A8: fünf Kilometer Stau. A99: elf Kilometer stockender Verkehr. Mittlerer Ring: Stau. Diese Verkehrsmeldungen sind in der Rushhour in und um München völlig normal. Wer kann, fährt in München vor sieben Uhr morgens los, da ab sieben nur noch wenig geht. Doch nicht nur Münchens Straßen sind voll, sondern auch die U- und S-Bahnen.

Der Grund: München wächst und wächst. 2015 soll die Marke von 1,5 Millionen Einwohnern geknackt werden – im Kern sei die Verkehrsinfrastruktur nur auf eine Million Einwohner ausgelegt gewesen, sagt Hans Podiuk, Chef der CSU-Fraktion im Münchener Stadtrat. Für die kommenden Jahre geht Podiuk von über 3,5 Millionen Einwohnern im Großraum München aus. "Das heißt, wir müssen uns etwas einfallen lassen, um den absoluten Verkehrsinfarkt zu verhindern", sagt er. Man prüfe alle Verkehrsmittel, die sich irgendwo schon einmal bewährt hätten.

Aktuell im Gespräch sind Seilbahnen oder führerlose Kabinenfahrzeuge, ähnlich der SkyLine-Bahn am Frankfurter Flughafen. Ende November stellten die Fraktionsspitzen der rot-schwarzen Koalition im Stadtrat den Antrag, die Stadtverwaltung solle den Einsatz von vollautomatischen Kabinenbahnen prüfen. Ein denkbarer Einsatzort: das BMW-Forschungszentrum im Münchener Norden. Dort könnte die Bahn Beschäftigte von den Parkplätzen zum Arbeitsplatz bringen.
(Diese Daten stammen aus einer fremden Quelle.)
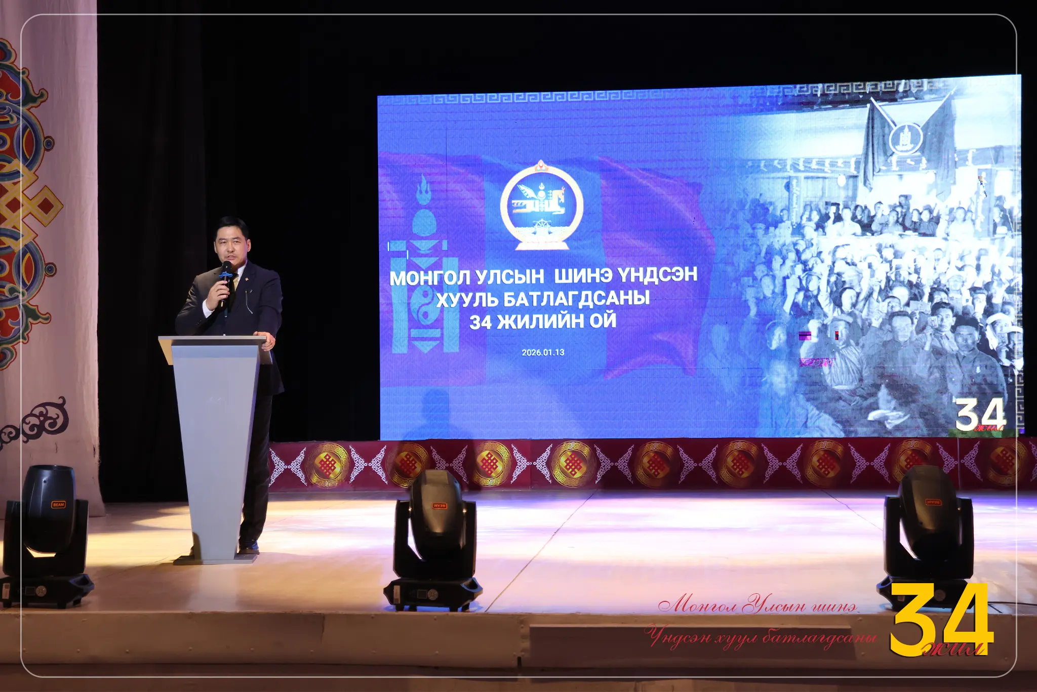МОНГОЛ УЛСЫН ШИНЭ ҮНДСЭН ХУУЛЬ БАТЛАГДСАНЫ 34 ЖИЛИЙН ОЙ ТОХИОЖ БАЙНА

Geprüft wird außerdem die Möglichkeit, Seilbahnen einzusetzen. Die Grünen und die Rosa Liste hatten einen entsprechenden Antrag eingebracht. Sie sähen die Gondeln gern im Münchener Süden zwischen dem Stadtteil Thalkirchen und dem Tierparkberg auf der anderen Seite der Isar. Stadtbaurätin Elisabeth Merk lässt zudem prüfen, ob eine Seilbahn zwischen dem flughafennahen Englschalking und der Messe in Riem machbar wäre. Im Nordosten liege das größte Siedlungsentwicklungspotenzial Münchens.
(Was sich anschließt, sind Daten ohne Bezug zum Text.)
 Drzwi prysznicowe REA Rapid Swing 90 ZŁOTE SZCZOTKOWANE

Seilbahn in der Diskussion

"Eine Seilbahn im städtischen Raum ist dann sinnvoll, wenn es um Punkt-zu-Punkt-Verbindungen geht und wenn andere Infrastrukturen wie Bahnanlagen und Autobahnen gequert werden müssen", begründet Paul Bickelbacher, Stadtrat der Grünen und Verkehrsplaner, die Idee. Beides träfe mit der Verknüpfung von Englschalking zur Messe zu. "Wenn es gelingt, die ursprüngliche Idee einer Überfahrt in nicht allzu großer Höhe mit Kosten von ungefähr 40 Millionen Euro zu realisieren, stehen die Chancen auf Umsetzung nicht schlecht", sagt Bickelbacher.

Hans Podiuk von der CSU sieht das anders: "Die derzeit in die Diskussion gebrachte Seilbahn überzeugt mich persönlich nicht." Er fände es problematisch, wenn Seilbahnen in bis zu 100 Metern Höhe über Wohnviertel hinweg fahren und die Passagiere in alle Gärten schauen könnten. Er könne sich eher Kabinenfahrzeuge vorstellen.

Die Münchener Verkehrsgesellschaft (MVG) betrachtet diese Insel-Lösungen insgesamt zurückhaltend. "Wir sind eher skeptisch, was den Nutzen und die wirtschaftliche Tragfähigkeit betrifft", sagt Burkhard Hüttl, Leiter Regie und Steuerung bei der MVG. "Seilbahnen oder Kabinenbahnen sind punktuelle Lösungen, bei denen Fahrgäste, die nur von A nach B wollen, profitieren." Zu einer möglichen Kabinenbahn im Norden meint Hüttl: "Es gibt den Vorschlag einer Kabinenbahn vom BMW-Werksgelände zur Stadtgrenze. Hier hätte aber die U2 noch Kapazitäten. Der Engpass besteht zwischen BMW-Werk und Innenstadt. Allerdings sind dies politische Entscheidungen und wenn wir mit der Prüfung beauftragt werden, dann werden wir dies tun."